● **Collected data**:
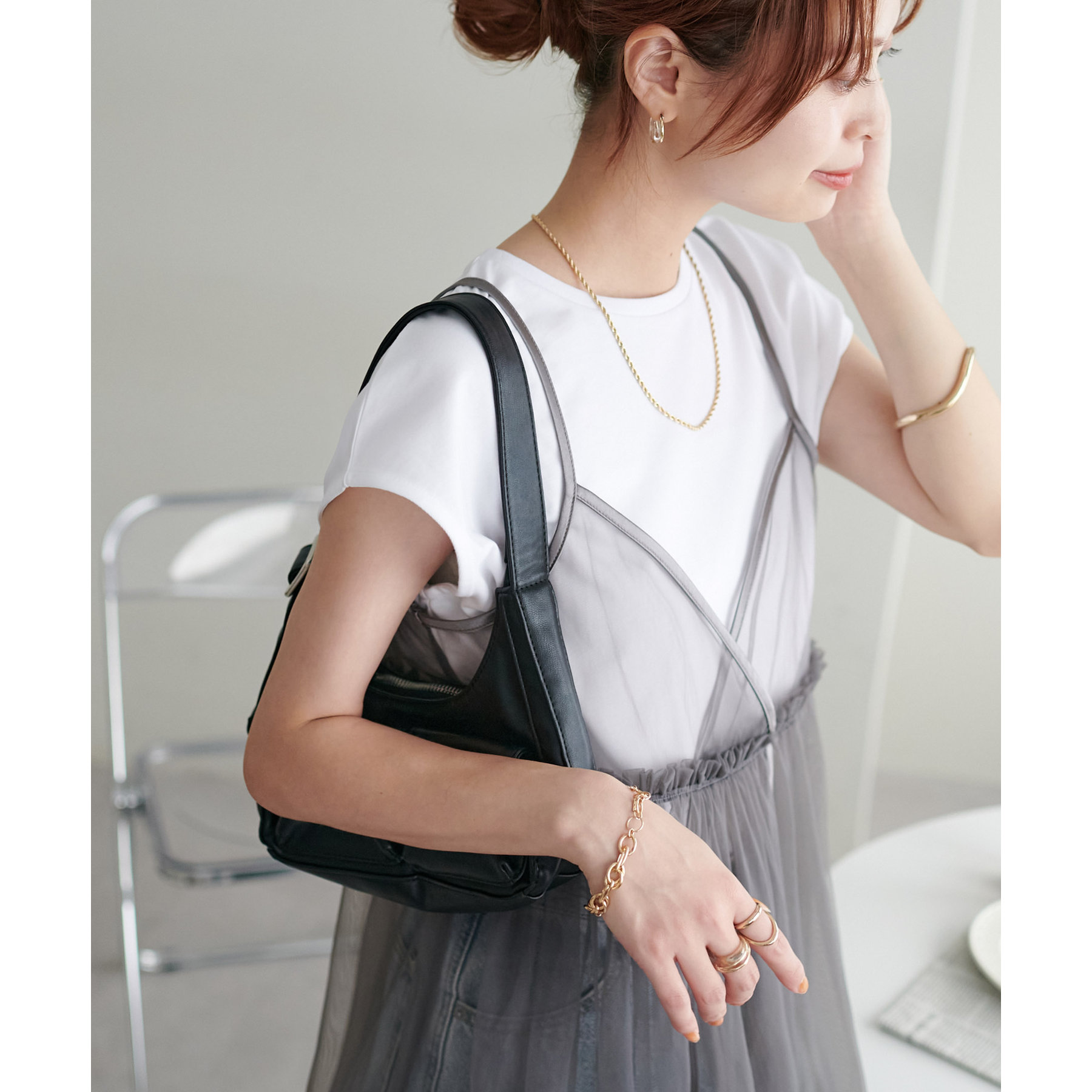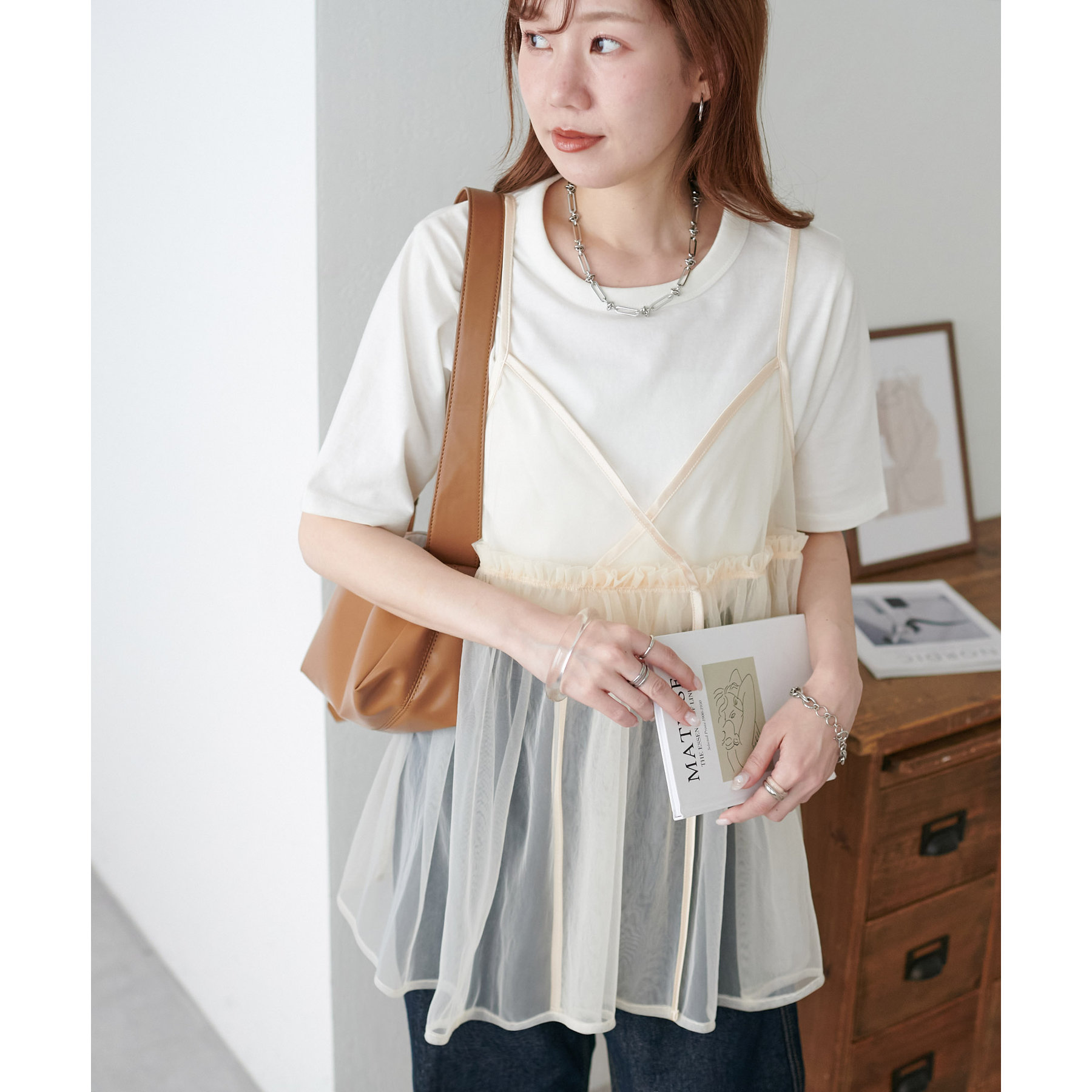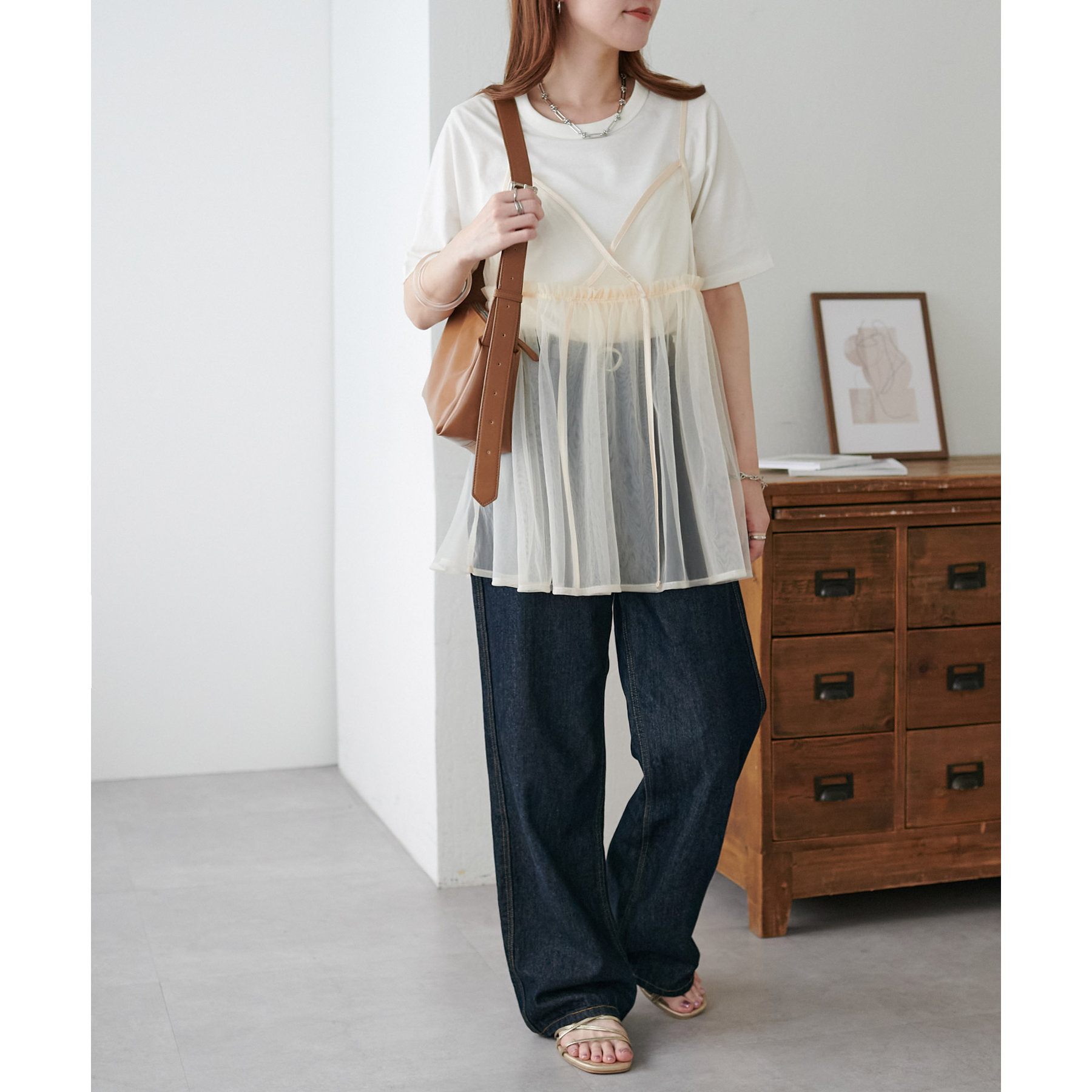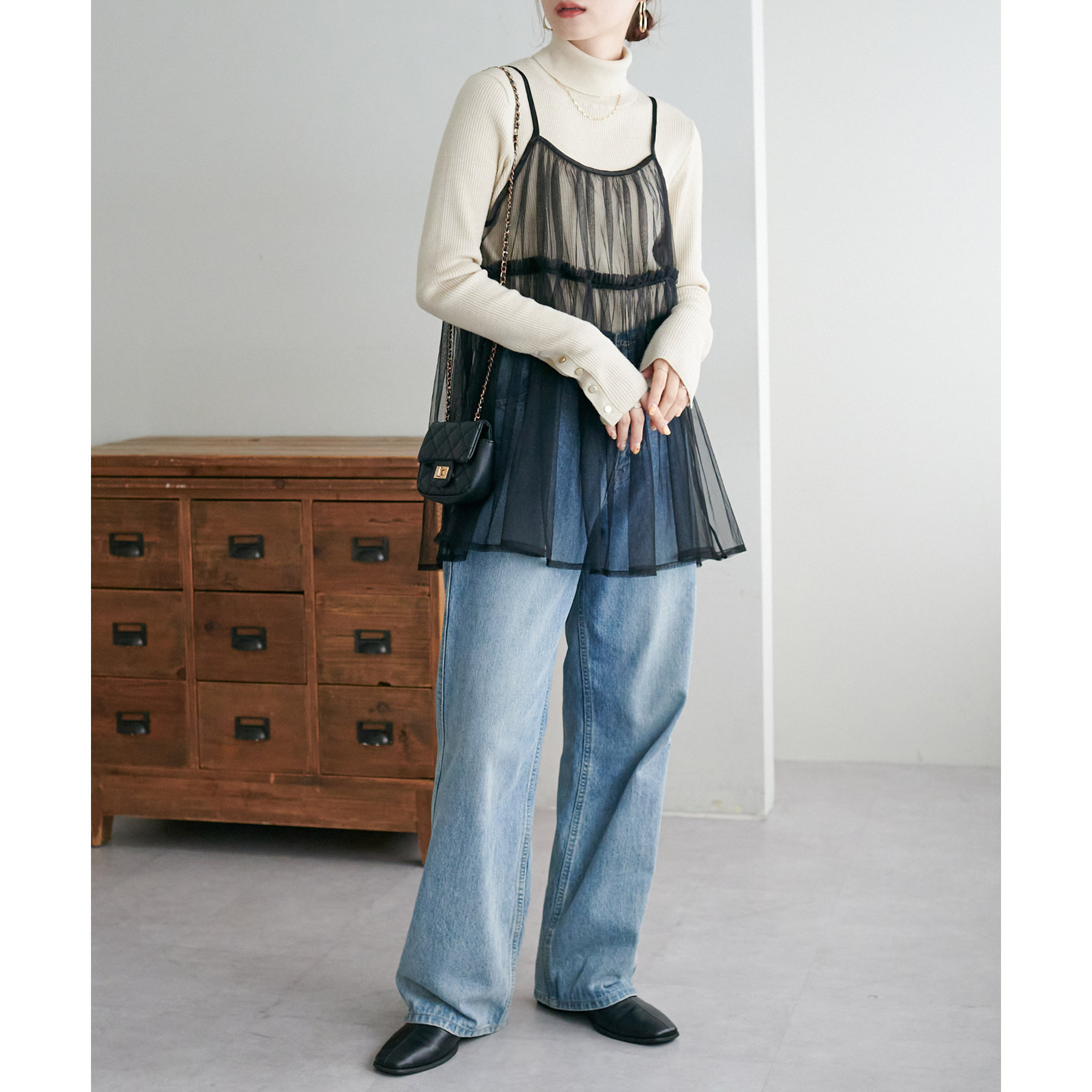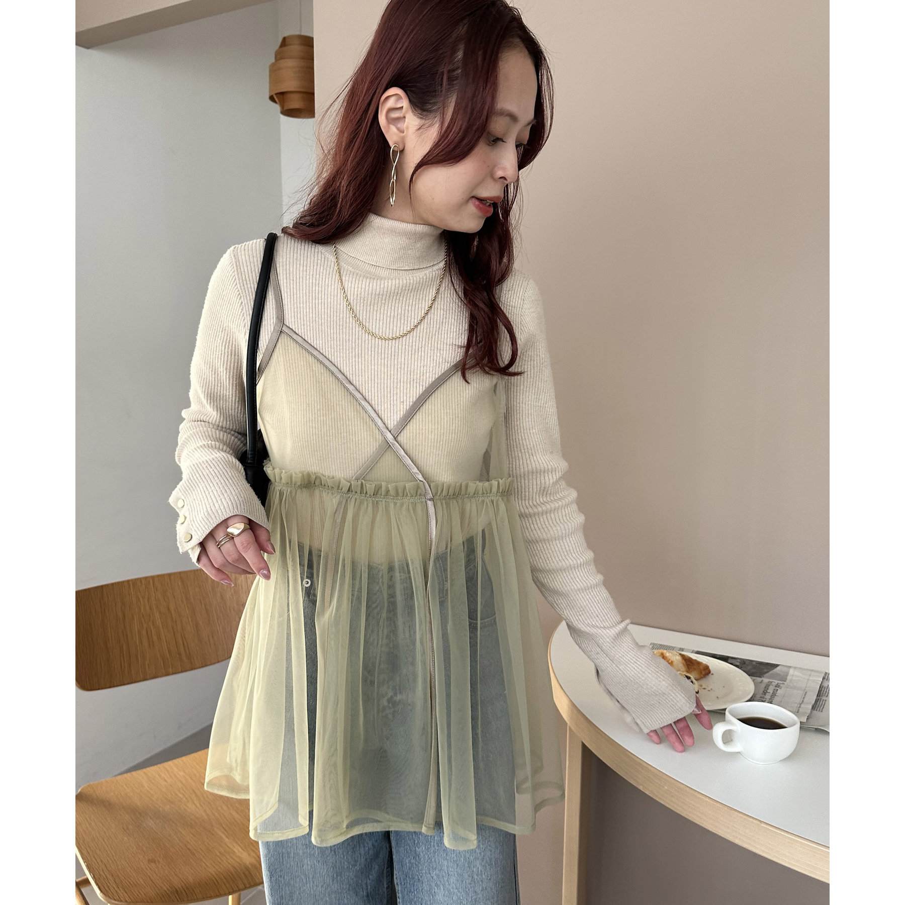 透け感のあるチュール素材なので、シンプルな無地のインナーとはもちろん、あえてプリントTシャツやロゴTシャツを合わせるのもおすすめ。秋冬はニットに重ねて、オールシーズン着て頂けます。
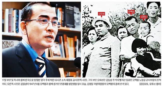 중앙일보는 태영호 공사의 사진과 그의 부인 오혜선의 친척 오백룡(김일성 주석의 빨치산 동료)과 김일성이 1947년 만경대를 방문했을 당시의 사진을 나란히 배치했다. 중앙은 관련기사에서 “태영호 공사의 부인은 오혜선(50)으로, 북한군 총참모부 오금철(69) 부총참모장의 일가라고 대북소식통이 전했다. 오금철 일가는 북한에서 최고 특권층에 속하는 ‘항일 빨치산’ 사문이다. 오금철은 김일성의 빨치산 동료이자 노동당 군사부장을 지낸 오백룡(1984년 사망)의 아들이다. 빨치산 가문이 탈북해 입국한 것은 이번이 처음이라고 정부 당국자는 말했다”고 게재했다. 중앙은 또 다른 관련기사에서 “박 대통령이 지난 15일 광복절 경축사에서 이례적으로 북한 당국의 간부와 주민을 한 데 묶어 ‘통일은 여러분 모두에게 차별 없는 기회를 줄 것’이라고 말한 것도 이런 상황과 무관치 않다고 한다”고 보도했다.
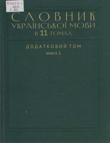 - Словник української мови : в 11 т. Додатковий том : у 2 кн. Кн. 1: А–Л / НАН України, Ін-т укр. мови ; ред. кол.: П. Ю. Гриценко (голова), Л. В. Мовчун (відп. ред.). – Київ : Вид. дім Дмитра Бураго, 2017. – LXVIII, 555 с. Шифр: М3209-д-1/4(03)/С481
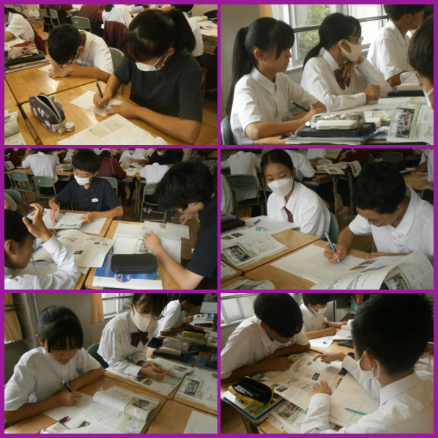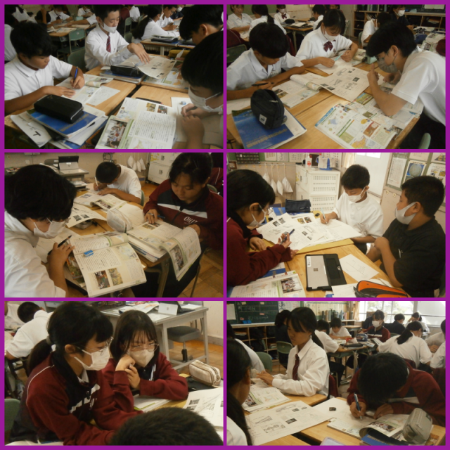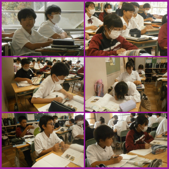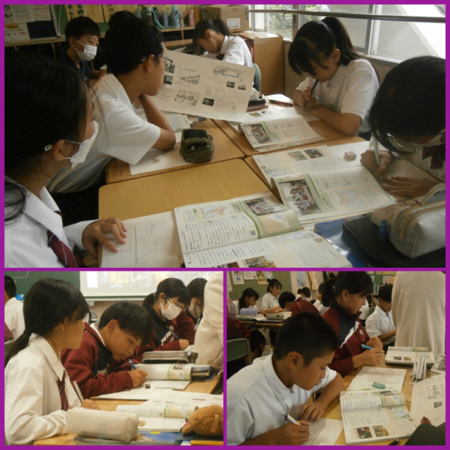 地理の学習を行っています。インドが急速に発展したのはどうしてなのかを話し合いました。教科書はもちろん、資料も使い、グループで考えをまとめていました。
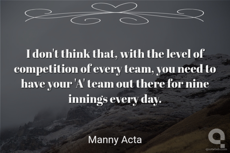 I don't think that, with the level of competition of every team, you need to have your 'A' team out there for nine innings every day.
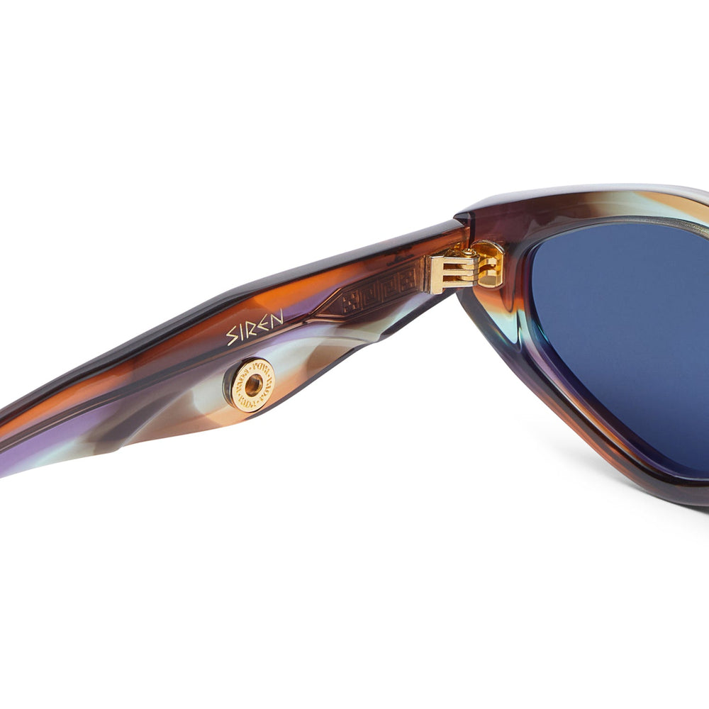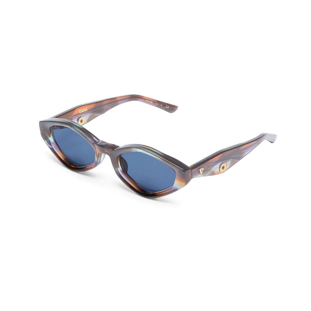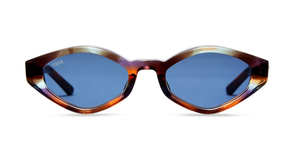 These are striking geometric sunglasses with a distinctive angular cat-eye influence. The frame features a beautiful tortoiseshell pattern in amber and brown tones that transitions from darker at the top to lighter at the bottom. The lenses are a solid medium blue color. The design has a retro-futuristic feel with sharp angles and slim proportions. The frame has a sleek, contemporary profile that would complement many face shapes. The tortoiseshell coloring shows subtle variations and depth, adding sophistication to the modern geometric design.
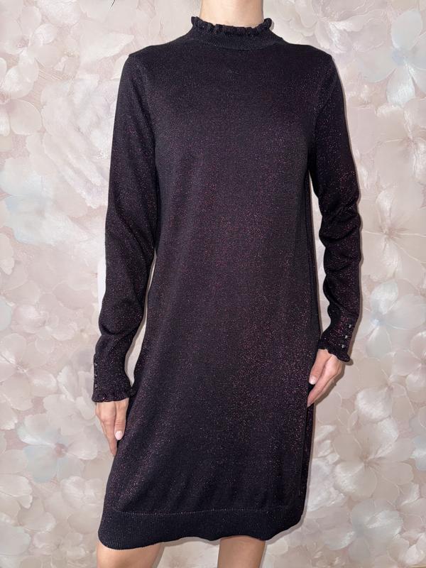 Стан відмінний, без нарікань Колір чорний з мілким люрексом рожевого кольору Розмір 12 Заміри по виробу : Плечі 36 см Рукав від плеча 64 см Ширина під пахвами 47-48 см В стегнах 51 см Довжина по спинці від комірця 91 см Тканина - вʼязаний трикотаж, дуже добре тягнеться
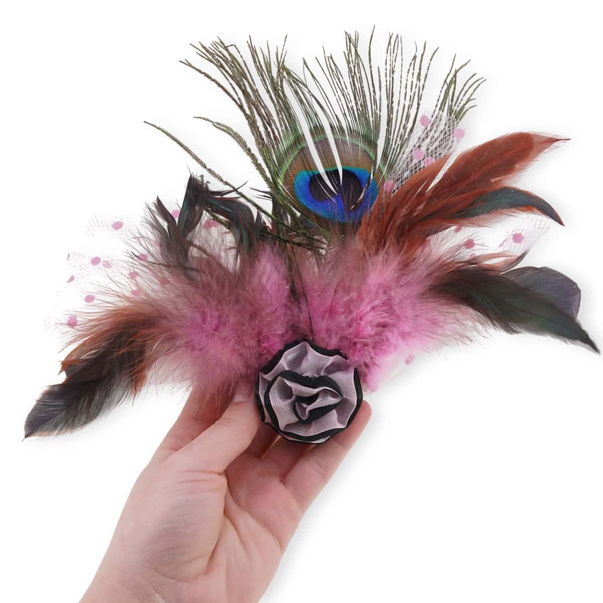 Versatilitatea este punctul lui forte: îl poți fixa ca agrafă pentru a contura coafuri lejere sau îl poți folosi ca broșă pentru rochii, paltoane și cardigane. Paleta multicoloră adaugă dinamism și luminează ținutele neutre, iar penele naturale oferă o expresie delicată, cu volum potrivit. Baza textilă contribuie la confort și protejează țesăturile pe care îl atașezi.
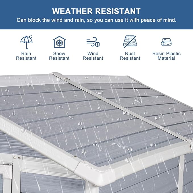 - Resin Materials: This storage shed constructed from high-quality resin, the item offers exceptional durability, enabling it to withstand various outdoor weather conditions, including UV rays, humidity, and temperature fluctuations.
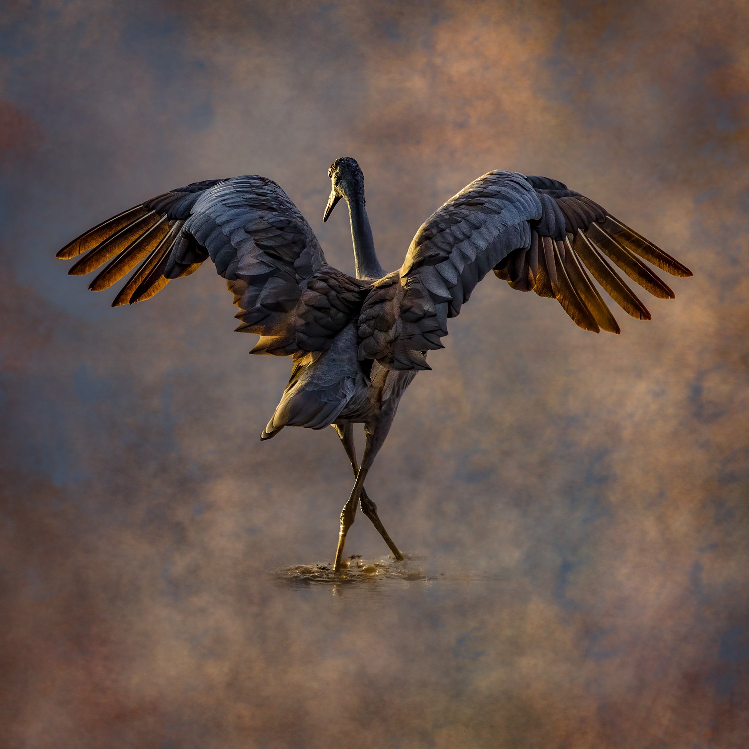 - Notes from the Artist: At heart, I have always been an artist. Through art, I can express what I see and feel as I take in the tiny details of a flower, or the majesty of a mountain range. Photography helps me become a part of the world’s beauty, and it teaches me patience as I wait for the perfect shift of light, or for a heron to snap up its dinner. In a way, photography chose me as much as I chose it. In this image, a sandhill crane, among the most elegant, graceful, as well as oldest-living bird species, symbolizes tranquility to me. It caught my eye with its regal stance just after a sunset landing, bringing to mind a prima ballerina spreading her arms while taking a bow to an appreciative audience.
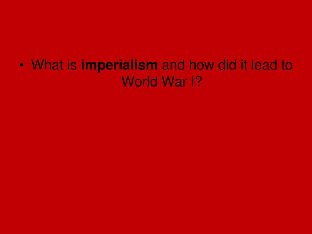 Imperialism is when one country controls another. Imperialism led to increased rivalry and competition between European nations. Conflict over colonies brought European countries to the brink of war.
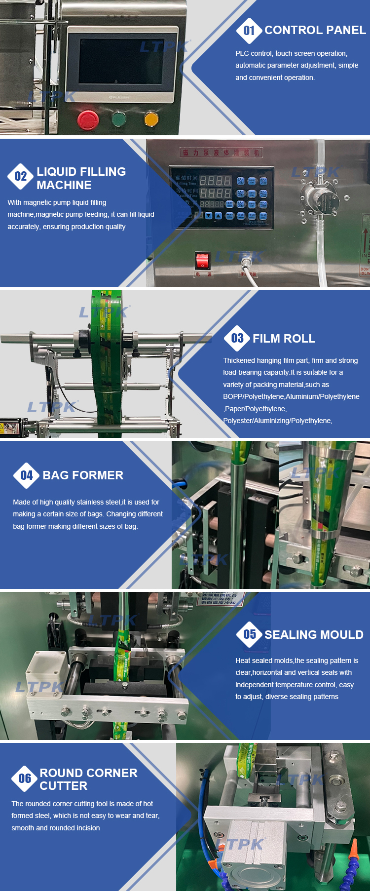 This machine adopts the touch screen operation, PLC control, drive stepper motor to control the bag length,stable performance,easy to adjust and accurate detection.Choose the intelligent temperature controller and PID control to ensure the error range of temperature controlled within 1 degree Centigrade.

● **PROBLEM DETAILS**: Going by the data above, the answer is exactly the lines from the one holding "地理の学習を行っています。イ" to the one holding "Стан відмінний, без", both kept, with the pictures left out.

● **RESPONSE TO THIS EXERCISE**:
 地理の学習を行っています。インドが急速に発展したのはどうしてなのかを話し合いました。教科書はもちろん、資料も使い、グループで考えをまとめていました。
 I don't think that, with the level of competition of every team, you need to have your 'A' team out there for nine innings every day.
 These are striking geometric sunglasses with a distinctive angular cat-eye influence. The frame features a beautiful tortoiseshell pattern in amber and brown tones that transitions from darker at the top to lighter at the bottom. The lenses are a solid medium blue color. The design has a retro-futuristic feel with sharp angles and slim proportions. The frame has a sleek, contemporary profile that would complement many face shapes. The tortoiseshell coloring shows subtle variations and depth, adding sophistication to the modern geometric design.
 Стан відмінний, без нарікань Колір чорний з мілким люрексом рожевого кольору Розмір 12 Заміри по виробу : Плечі 36 см Рукав від плеча 64 см Ширина під пахвами 47-48 см В стегнах 51 см Довжина по спинці від комірця 91 см Тканина - вʼязаний трикотаж, дуже добре тягнеться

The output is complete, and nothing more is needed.